On vous l’accorde, en 1993, le tyrannosaure impressionnait. Mais en 2025, il ne ferait plus vraiment le poids face à d’autres créatures numériquement générées, et ça, la licence Park l’a bien compris. Pour faire perdurer l’attrait des spectateurs, les longs-métrages ont su nous présenter des créatures toujours plus grosses, plus dangereuses, et souvent engagées dans des combats sanglants.
Les deux premiers films nous servaient timidement des vélociraptors et T-Rex. Jurassic Park III, quant à lui, nous faisait frissonner avec un spinosaure devenu culte, le plus grand animatronique de l’histoire du cinéma (13 mètres de long et 12 tonnes). La trilogie World se devait d’en faire encore plus. Jurassic World présentait alors le mosasaure et l’Indominous Rex, un animal génétiquement modifié, lui-même décliné en Indoraptor dans Jurassic World : Fallen Kingdom.
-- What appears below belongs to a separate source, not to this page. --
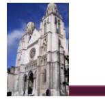
Église St Jacques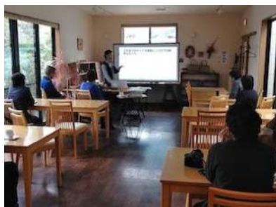
カフェを会場にトークイベントを開催

Jurassic World, 2015, Copyright Universal Pictures
Dans cette surenchère spectaculaire, Jurassic World : Renaissance laisse place à un monstre à la croisée d’Alien et de Jurassic Park, qui « fera même faire des cauchemars aux parents ». Une nouvelle créature sûrement inspirée par la filmographie de son réalisateur Gareth Edwards (Godzilla) qui donne un nouveau souffle à la suite de la licence.
En somme, si la saga parvient à façonner des bestioles aux dents toujours plus acérées, elle pourrait perdurer encore des années. Ça tombe bien, les fans de la licence ne sont pas prêts à laisser s’éteindre l’ère Jurassic.